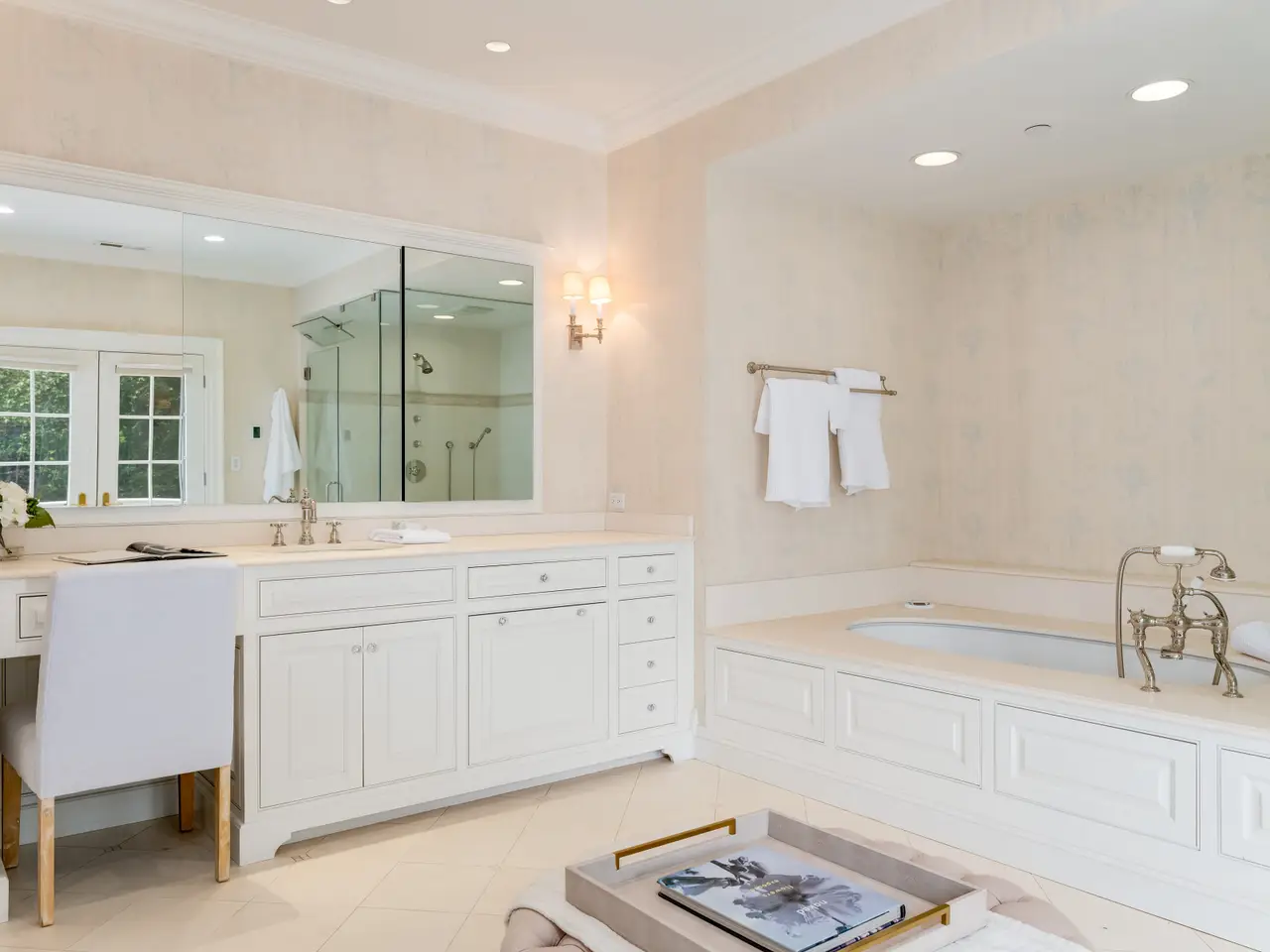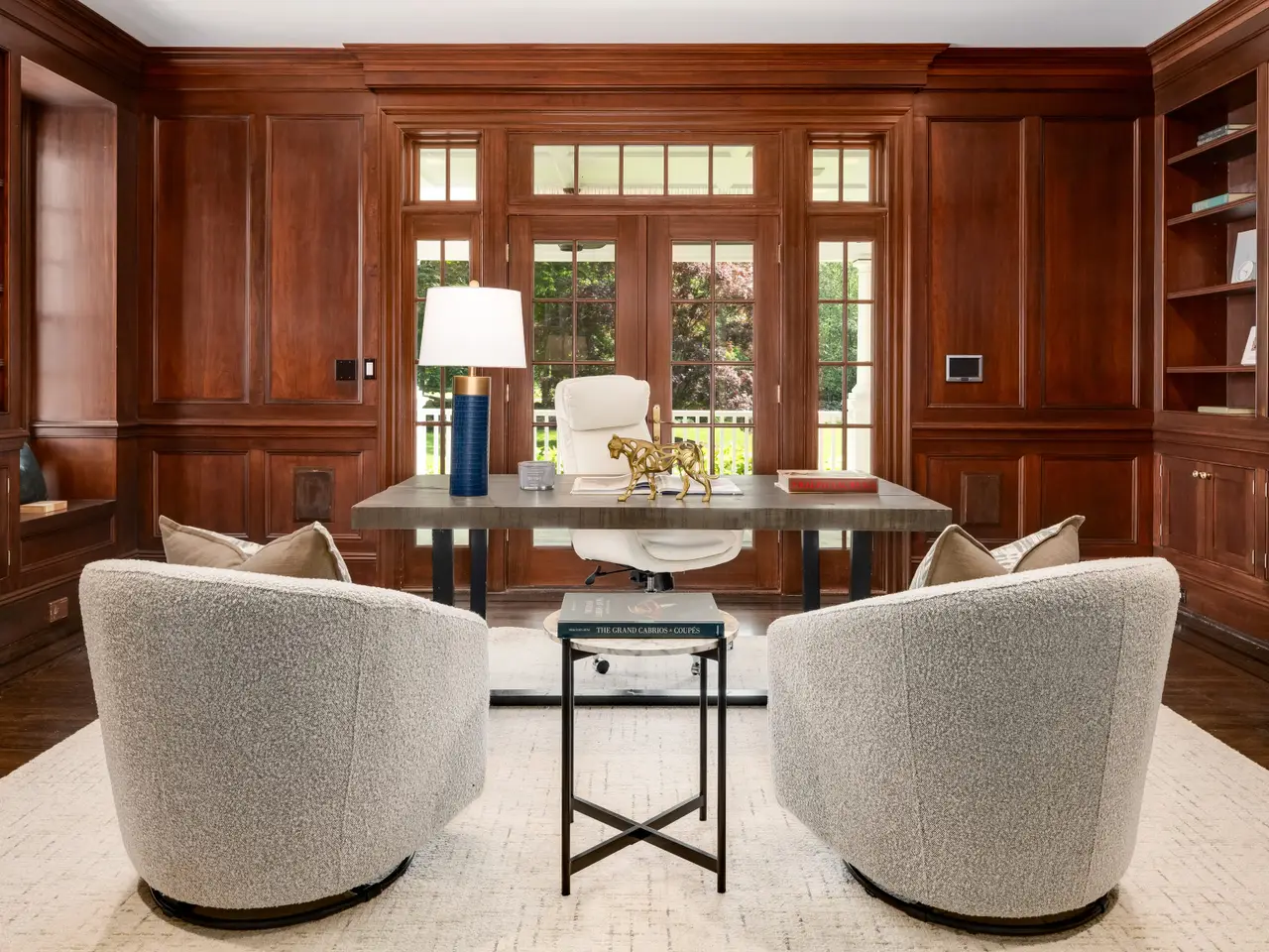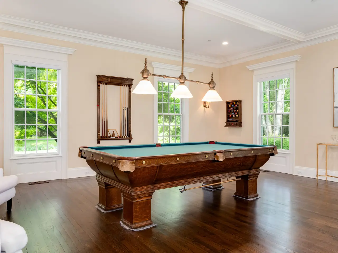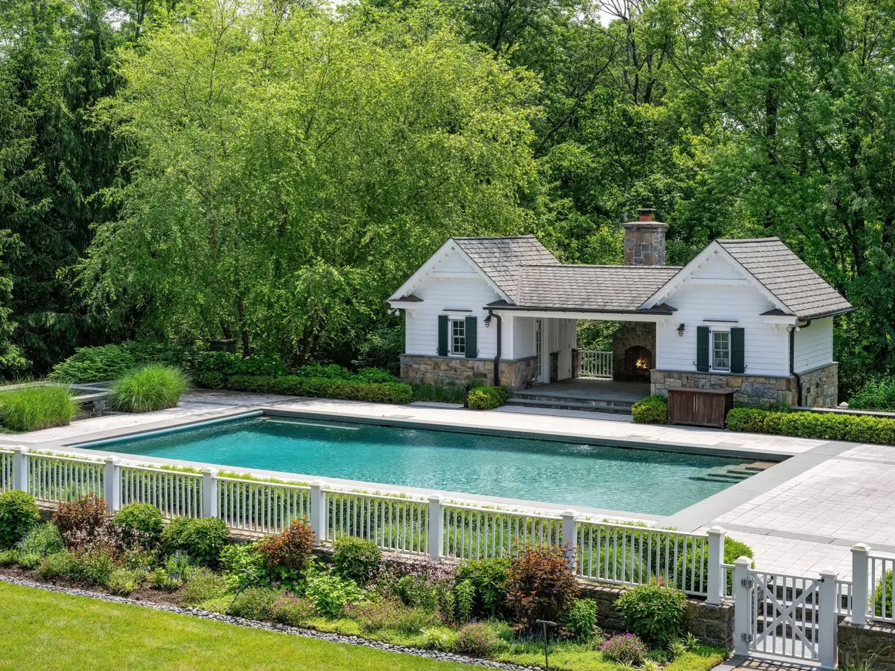 Privately nestled behind gates on 2.89 lush acres, this classically updated 8-bedroom, 8.3-bath New England Colonial offers unmatched elegance, space, and serenity. With a picturesque natural pond in front and sweeping golf course views in back, this estate is a rare and refined offering. From the moment you arrive, the charm is undeniable - from the stately approach to the beautifully maintained grounds. Inside, the first floor features a formal living or greeting room, a richly paneled library with bespoke millwork, a private office with custom built-ins, and a spectacular great room/game room perfect for large-scale entertaining or intimate gatherings. The formal dining room is graciously sized for hosting and filled with natural light. At the heart of the home is the dream kitchen: Christopher Peacock cabinetry, an oversized island, two Sub-Zero refrigerators, two Bosch dishwashers, and seamless flow into the adjacent family room with fireplace and French doors leading to the expansive covered patio. Upstairs, discover four ensuite bedrooms, two additional bedrooms with a Jack-and-Jill bath, and a luxurious primary suite with a fireplace, private terrace, spa-like bathroom, custom dressing room, walk-in closet, and an additional full bath. The finished lower level is designed for recreation and relaxation, featuring a full home theater, gym, guest suite, game room, TV lounge, and abundant storage all beautifully finished and thoughtfully arranged. Outdoors, enjoy resort-style living with a sparkling pool and spa, perfectly manicured lawns, mature perennial gardens, and a full pool house with kitchenette, full bath, and laundry. This estate is a rare blend of timeless design, modern luxury, and extraordinary setting a true one-of-a-kind offering.
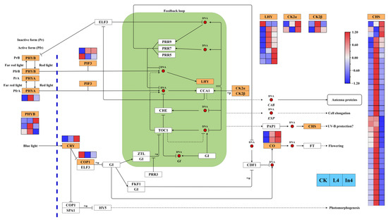 From the results of KEGG enriched pathways in this study, it can be seen that circadian rhythm-plant was one of the top 20 enriched pathways in all comparison groups. There were 53 genes encoding 10 enzymes that were significantly differentially expressed in different treatments (Figure 10) (Supplementary Table S11). In the two supplementary light treatments, PHYA, CRY, and CO genes were upregulated and the COP1 gene was downregulated. The majority of PHYB genes were also upregulated in the two supplementary light treatments. All DEGs encoding LHY (except Cluster-27241.45170) were upregulated in the two supplementary light treatments compared with the CK. All CK2α DEGs were upregulated in In4, and all CK2β DEGs were upregulated in L4. Meanwhile, most genes encoding CHS were upregulated in L4, and were downregulated in In4.
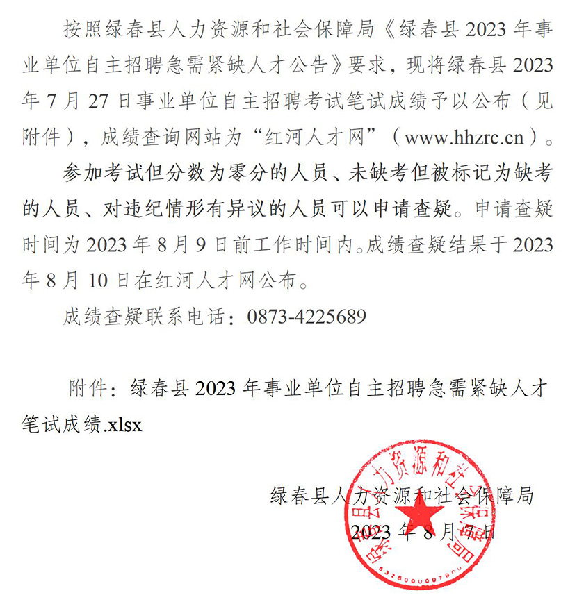 附件: 绿春县2023年事业单位自主招聘急需紧缺人才笔试成绩.xlsx
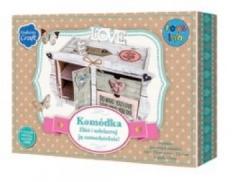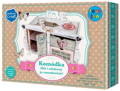 Zestaw do złożenia i udekorowania komódki zawiera: elementy z płyty MDF gotowe do złożenia, papier ozdobny - 6 arkuszy, arkusz papieru A5 z dekoracjami, 2 kartonowe szuflady do złożenia, koronkę, perełki - 15 szt., taśmę piankową, klej oraz instrukcję.
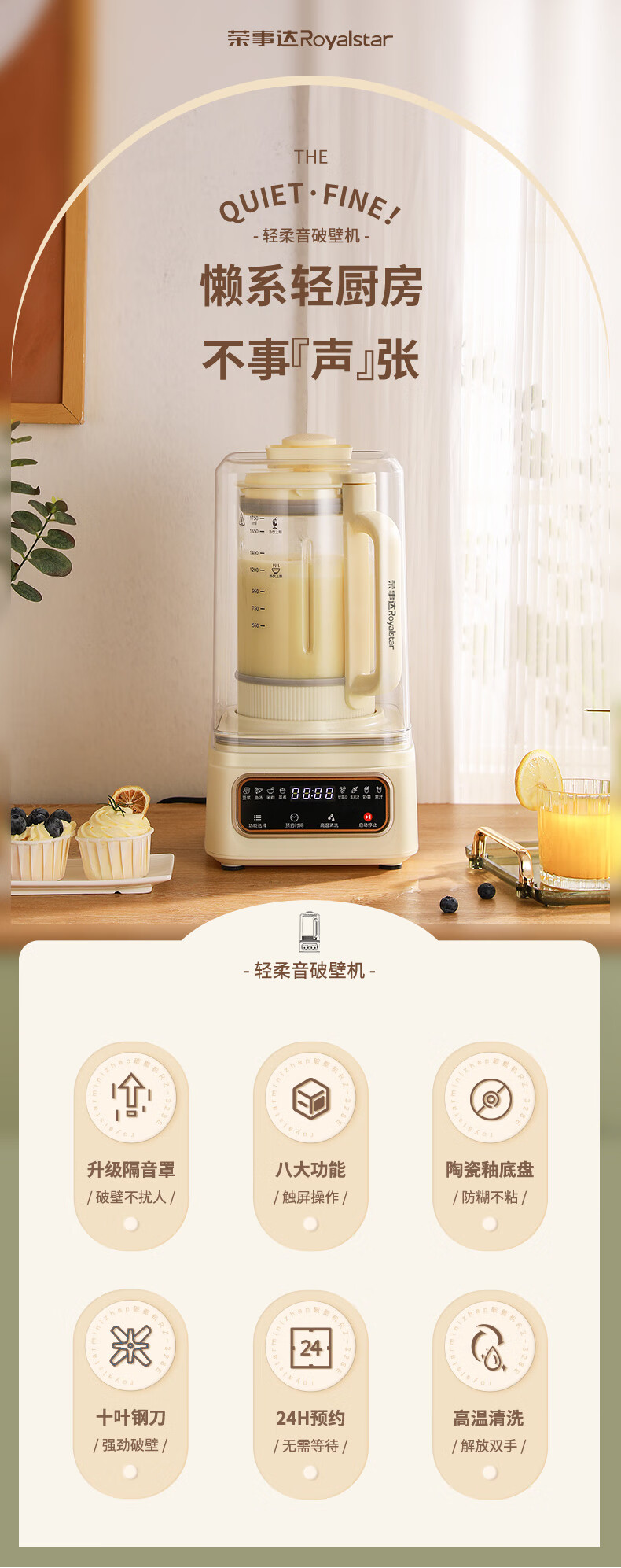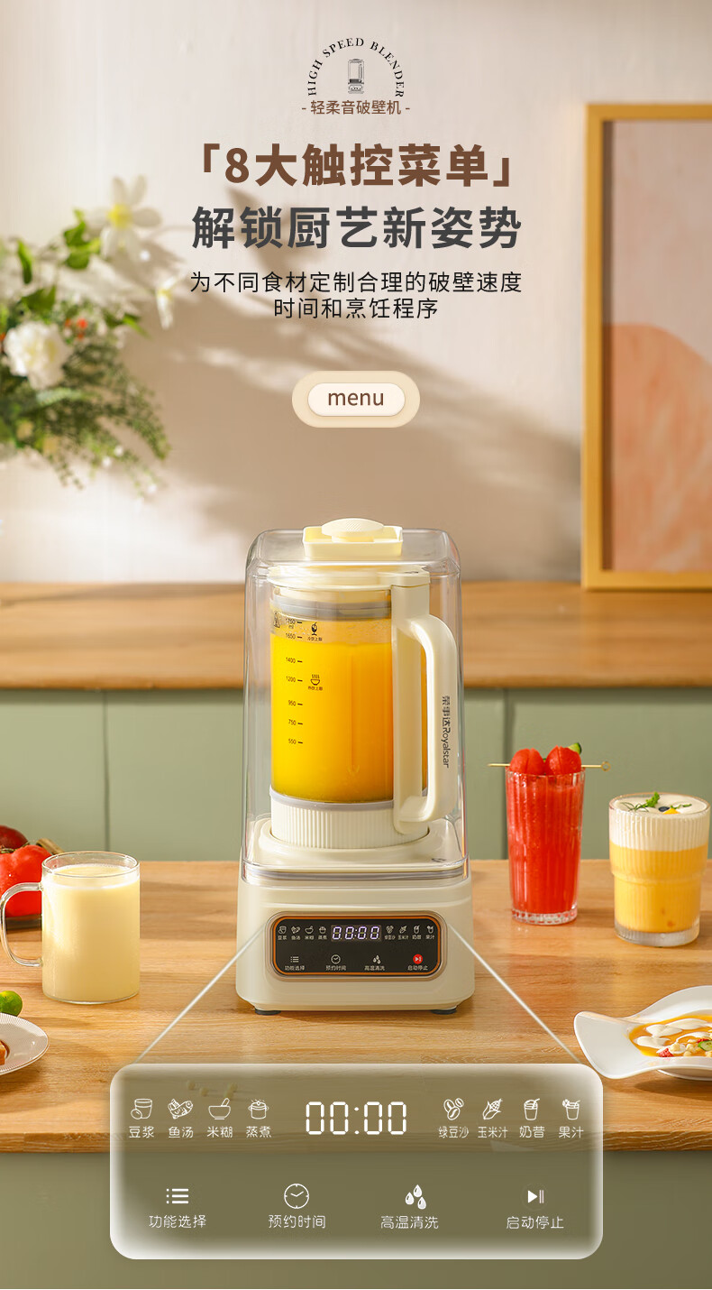 荣事达(Royalstar)破壁机家用豆浆机加热全自动辅食机1.75L大容量降噪搅拌机早餐机柔音 榨汁机 RZ-328E
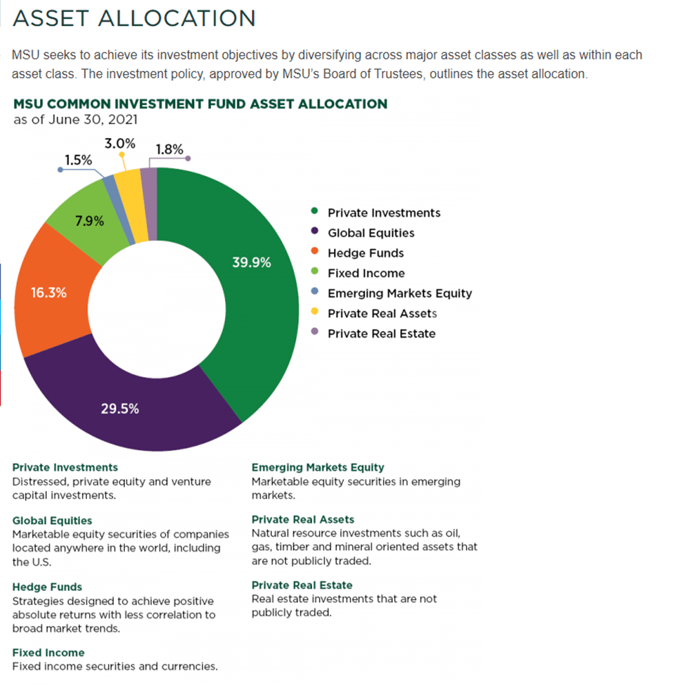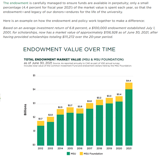With $8.1B in financial assets and a net revenue of $1.1B and a final net position of $5.3B, assets + liabilities (net position after revenues and expenses) give Sparty a $13.4B net worth after 2021 (addendum: potential in net worth by asset type is 13.4B and uncommon, actual definition of net worth would be 5.3B). That is just through the common university function. Additional comes from donor-funded endowments such as Common Investment Funds (CIF), and donors. Again this is a common misconception that universities use to tie endowment money strictly to donor investment and its benefits. Not the case considering endowments are an intricate web of money to operate the whole of the university. With that said, universities target donors, not because donor endowments are done out of the goodness of someone’s heart for education, but because they are investments to build upon for an individual ROI.
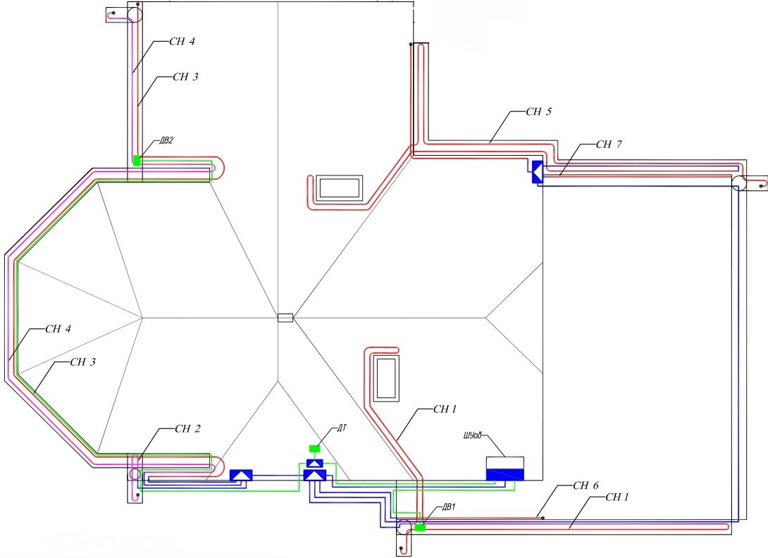 Такая система состоит из: нагревательной сетки (маты); распределительной сети (с ее помощью подключаются все маты и датчики управления); система автоматической защиты и управления (предотвращает поломки при замыканиях); система автоматического управления обогревом. Тепло в этой системе выделяет резистивный кабель. Иногда используют саморегулирующийся кабель. Он так же имеет свои положительные стороны: - экономит энергопотребление, варьируется мощность кабеля в зависимости от обледенения; - такая система очень надежна, регулируется выход тепла в зависимости от температуры на улице; - кабель можно укладывать внахлест, и при скоплении мусора, исключена возможность перегрева кабеля; - кабель легко ставится, легко обслуживается. Чтобы система антиобледенения работала хорошо, необходим термостат (система управления), который будет регулировать включение/выключение системы, в зависимости от температуры. Иногда устанавливаются элементы системы снегозадержания, чтобы система антиобледенения работала эффективно.
==*==
— WHAT IS NEEDED —
Take the material above from the line bearing "附件: 绿春县2023年事业单位自主招聘急需紧缺人才笔试成绩.xlsx" through the line bearing "荣事达(Royalstar)破壁机家用豆浆机加热全自动辅食机1.75L大容量降噪搅拌机早餐机柔音 榨汁机 RZ-328E" and write it out exactly, both end lines included. Pictures stay out.

— ANSWER TO THIS EXERCISE —
 附件: 绿春县2023年事业单位自主招聘急需紧缺人才笔试成绩.xlsx
 Zestaw do złożenia i udekorowania komódki zawiera: elementy z płyty MDF gotowe do złożenia, papier ozdobny - 6 arkuszy, arkusz papieru A5 z dekoracjami, 2 kartonowe szuflady do złożenia, koronkę, perełki - 15 szt., taśmę piankową, klej oraz instrukcję.
 荣事达(Royalstar)破壁机家用豆浆机加热全自动辅食机1.75L大容量降噪搅拌机早餐机柔音 榨汁机 RZ-328E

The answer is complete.